** Opening DATA EXTRACTS block **

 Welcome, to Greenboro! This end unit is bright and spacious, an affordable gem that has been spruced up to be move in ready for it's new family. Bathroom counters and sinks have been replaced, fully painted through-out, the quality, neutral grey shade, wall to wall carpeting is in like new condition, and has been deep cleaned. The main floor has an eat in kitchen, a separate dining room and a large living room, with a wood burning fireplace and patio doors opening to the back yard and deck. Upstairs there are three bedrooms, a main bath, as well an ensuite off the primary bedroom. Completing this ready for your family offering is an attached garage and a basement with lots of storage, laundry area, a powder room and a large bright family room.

** Closing DATA EXTRACTS block **
** Opening DATA EXTRACTS block **

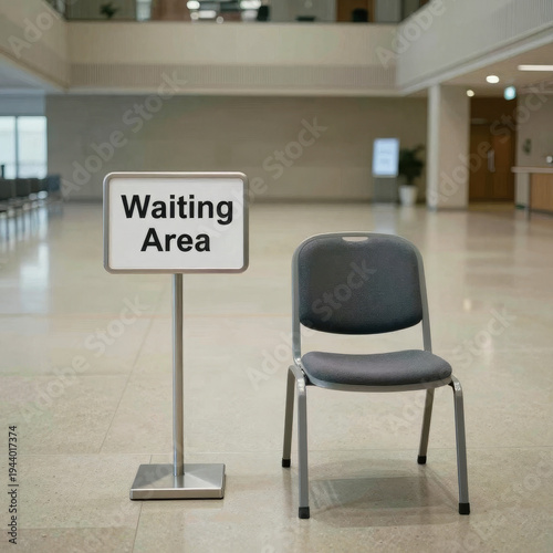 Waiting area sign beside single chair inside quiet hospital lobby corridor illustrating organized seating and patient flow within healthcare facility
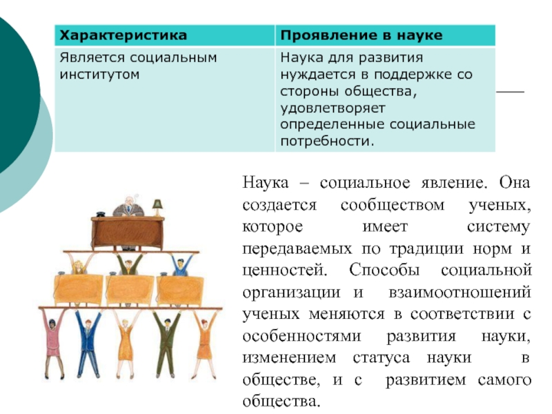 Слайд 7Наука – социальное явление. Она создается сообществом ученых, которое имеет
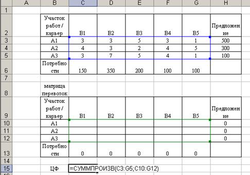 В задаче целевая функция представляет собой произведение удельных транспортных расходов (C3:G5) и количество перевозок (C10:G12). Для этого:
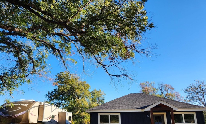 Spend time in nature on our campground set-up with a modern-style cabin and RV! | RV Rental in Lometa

** Closing DATA EXTRACTS block **

### PROBLEM TO SOLVE
Starting with the line that contains "Waiting area sign" and finishing with the line that contains "Spend time in", reproduce every line of the material above exactly, but not the pictures.

### ANSWER TO THE PROBLEM
 Waiting area sign beside single chair inside quiet hospital lobby corridor illustrating organized seating and patient flow within healthcare facility
 Слайд 7Наука – социальное явление. Она создается сообществом ученых, которое имеет
 В задаче целевая функция представляет собой произведение удельных транспортных расходов (C3:G5) и количество перевозок (C10:G12). Для этого:
 Spend time in nature on our campground set-up with a modern-style cabin and RV! | RV Rental in Lometa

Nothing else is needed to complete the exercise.